WHAT YOU HAVE TO DO: Leave every picture out, and retype all the remaining records exactly.

MATERIAL FOR THIS TASK:
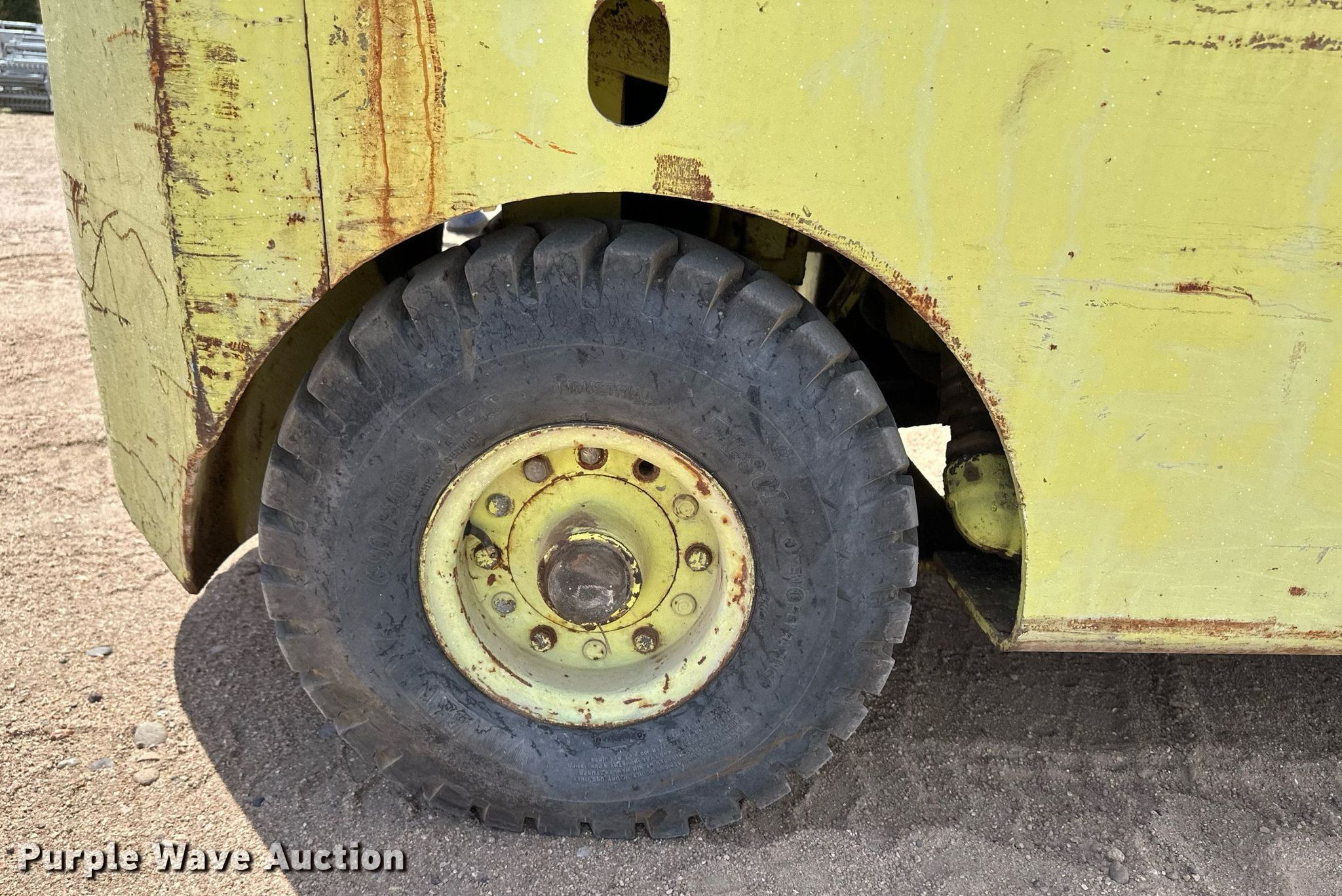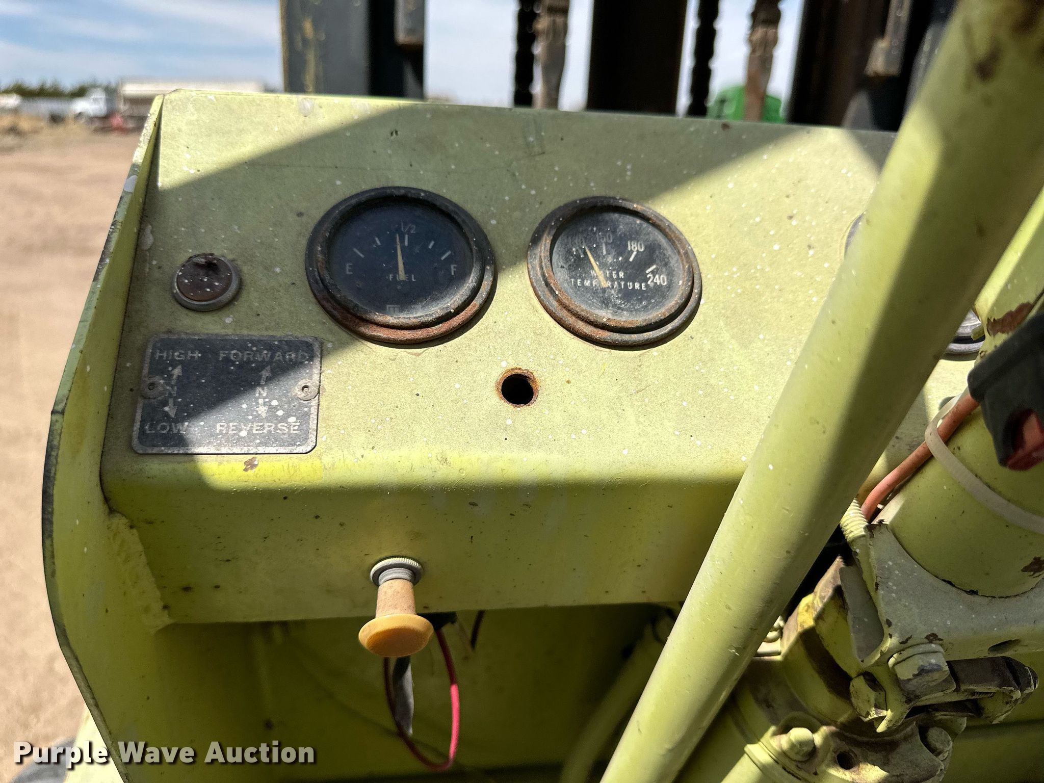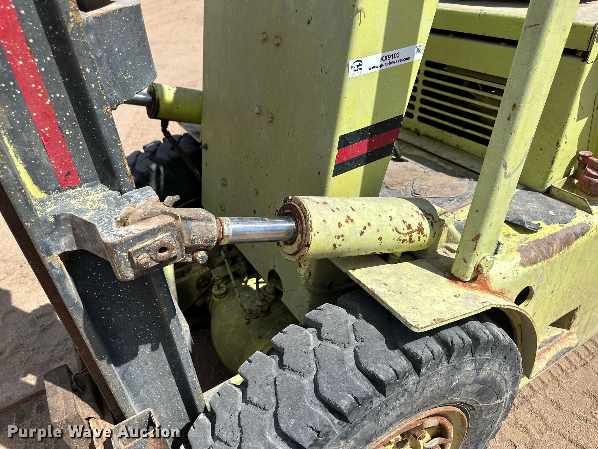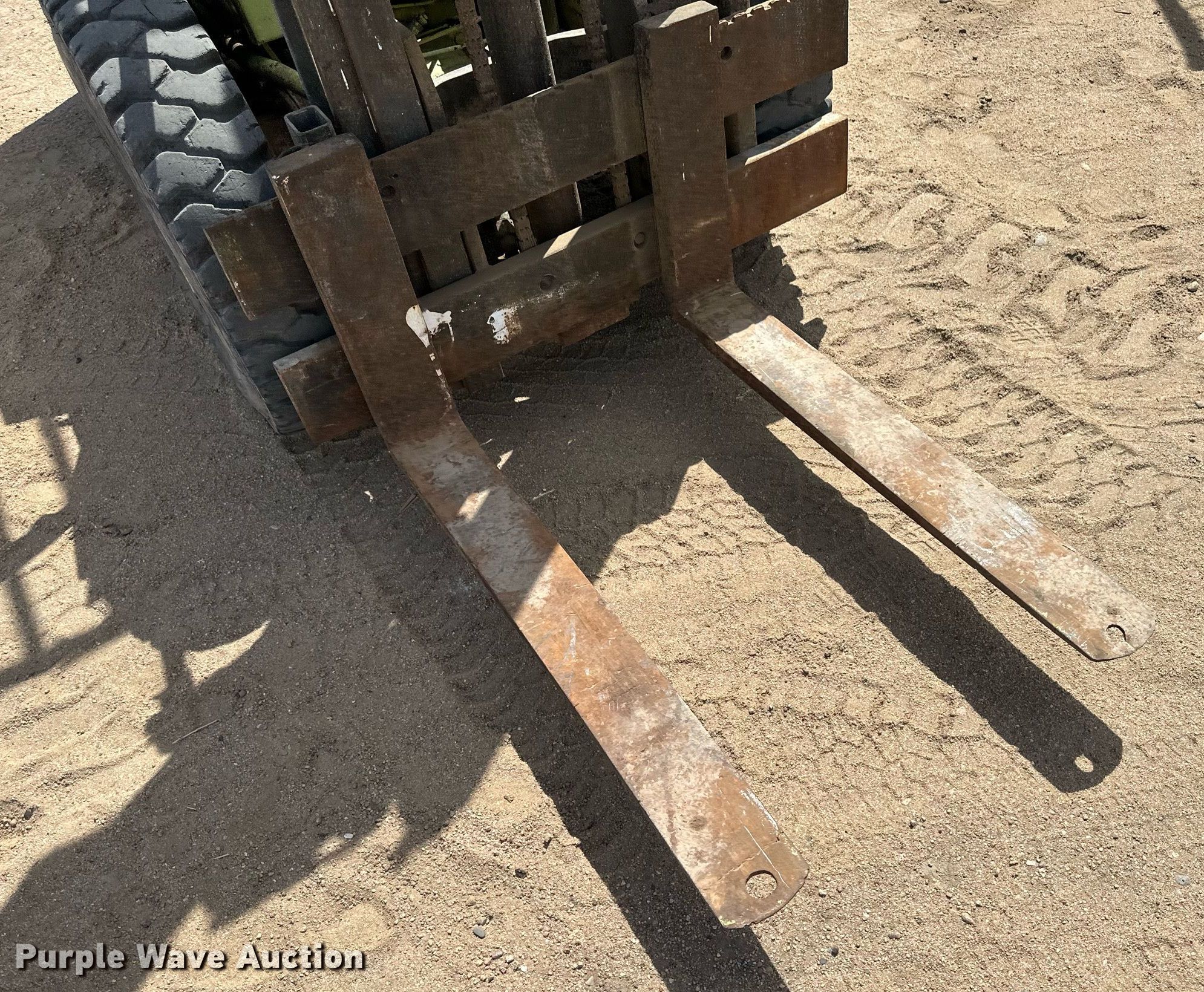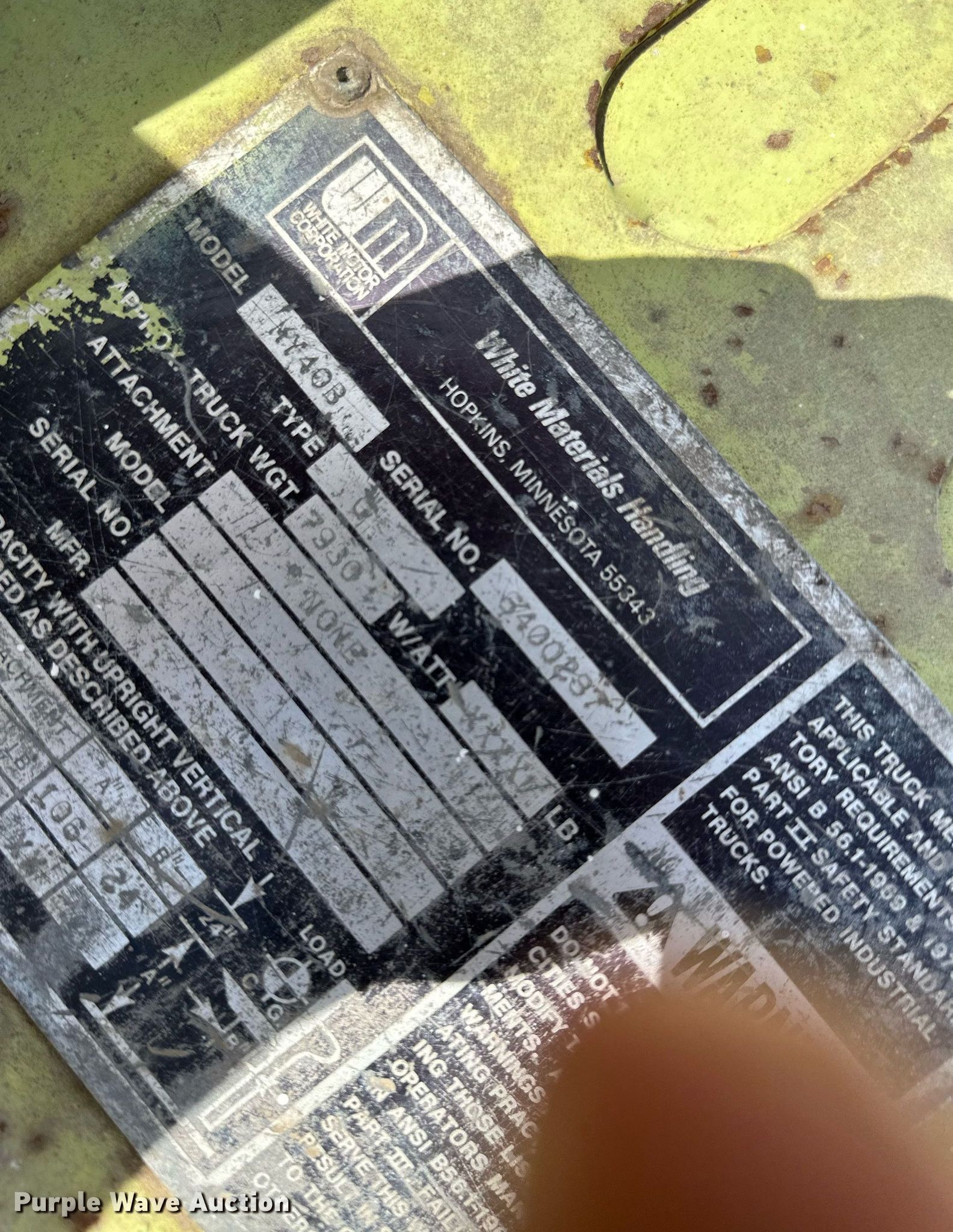 White MY9408 forklift. Hours: 3,167 on meter, Serial: 6400287. Engine Chrysler, Cylinders: 6, Fuel type: Gas. Transmission Powershift. Operators station Canopy. Features Mast stages: 2, Mast tilt, Fork length: 40". Tires Front: 7.50-15, Rear: 6.90/6.00-6. 1587 Cottonwood. Sublette, KS 67877
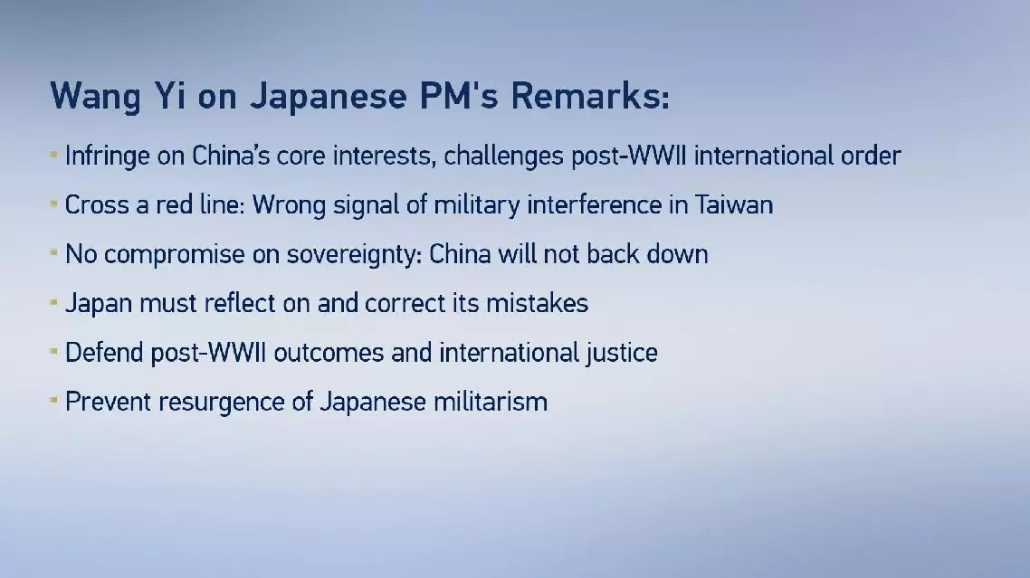 Wang said that it is shocking for a sitting Japanese leader to openly send a wrong signal of attempting to intervene militarily in the Taiwan question -- saying what should not be said and crossing a red line that must not be touched.
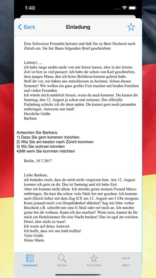 sie können auch mit dieser app jeder Deutsch lernen niveau A1 A2 B1 B2. Sie schreiben einen brief einfach und richtig mit dieser app schreiben zur Prüfung Zertifikat Deutsch A1
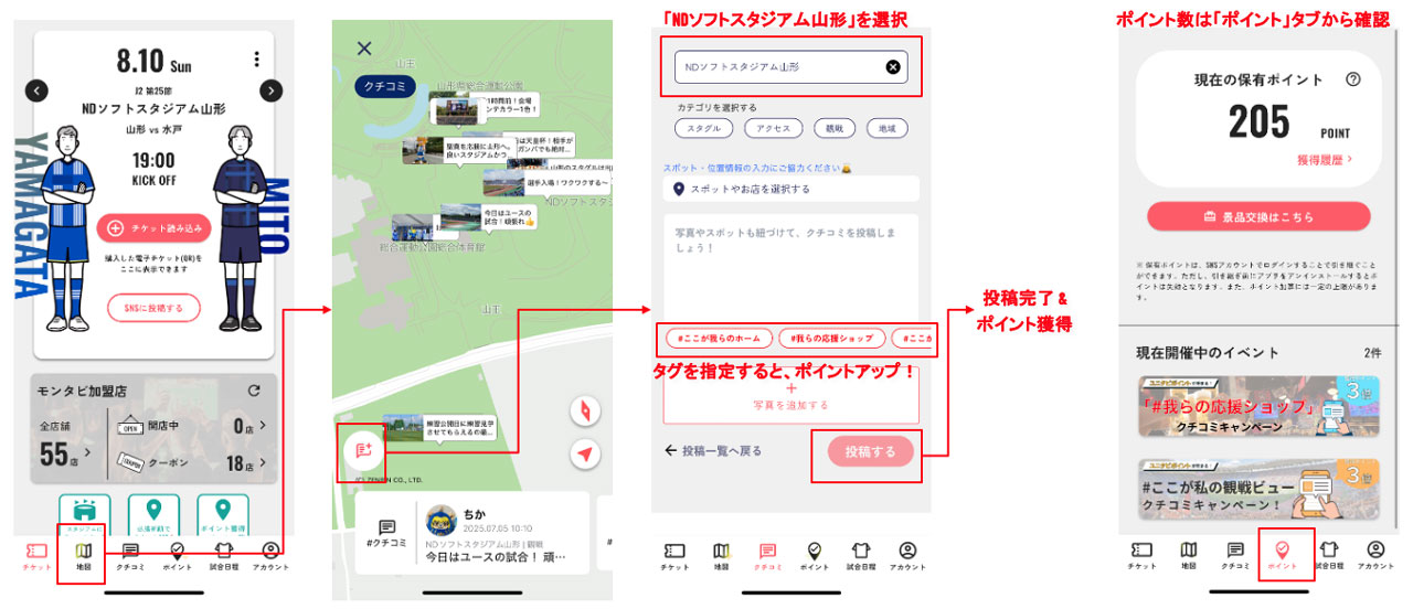 画面下部の「地図」タブ(もしくは「クチコミ」タブ)から「クチコミ投稿」ボタンを押下し、対象となるスタジアム・スポットを選択後、文章・写真を入力し、投稿する流れとなります。
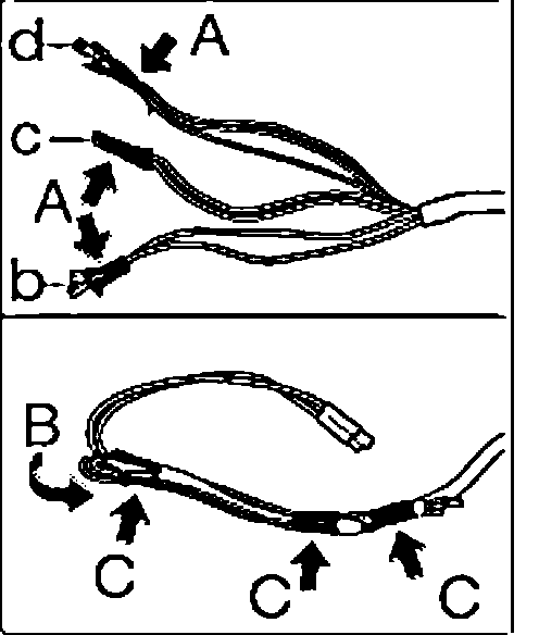 1. Connect the wires for the mirror heating "b", flap "c" and positioning motor "d" together using fabric or insulating tape "A".
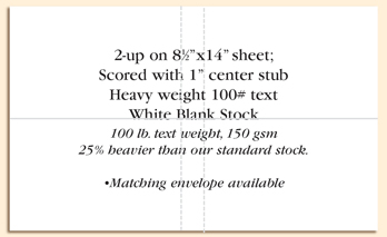 2-up on 8 ½″ x 14″ sheet; Scored with 1″ center stub
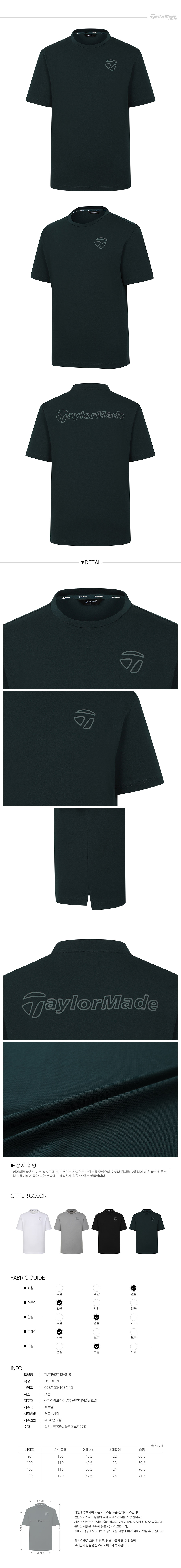[테일러메이드] 26SS 남성 로고 프린트 라운드 반팔 티셔츠 TMTR62748-819

ANSWER SECTION:
 White MY9408 forklift. Hours: 3,167 on meter, Serial: 6400287. Engine Chrysler, Cylinders: 6, Fuel type: Gas. Transmission Powershift. Operators station Canopy. Features Mast stages: 2, Mast tilt, Fork length: 40". Tires Front: 7.50-15, Rear: 6.90/6.00-6. 1587 Cottonwood. Sublette, KS 67877
 Wang said that it is shocking for a sitting Japanese leader to openly send a wrong signal of attempting to intervene militarily in the Taiwan question -- saying what should not be said and crossing a red line that must not be touched.
 sie können auch mit dieser app jeder Deutsch lernen niveau A1 A2 B1 B2. Sie schreiben einen brief einfach und richtig mit dieser app schreiben zur Prüfung Zertifikat Deutsch A1
 画面下部の「地図」タブ(もしくは「クチコミ」タブ)から「クチコミ投稿」ボタンを押下し、対象となるスタジアム・スポットを選択後、文章・写真を入力し、投稿する流れとなります。
 1. Connect the wires for the mirror heating "b", flap "c" and positioning motor "d" together using fabric or insulating tape "A".
 2-up on 8 ½″ x 14″ sheet; Scored with 1″ center stub
[테일러메이드] 26SS 남성 로고 프린트 라운드 반팔 티셔츠 TMTR62748-819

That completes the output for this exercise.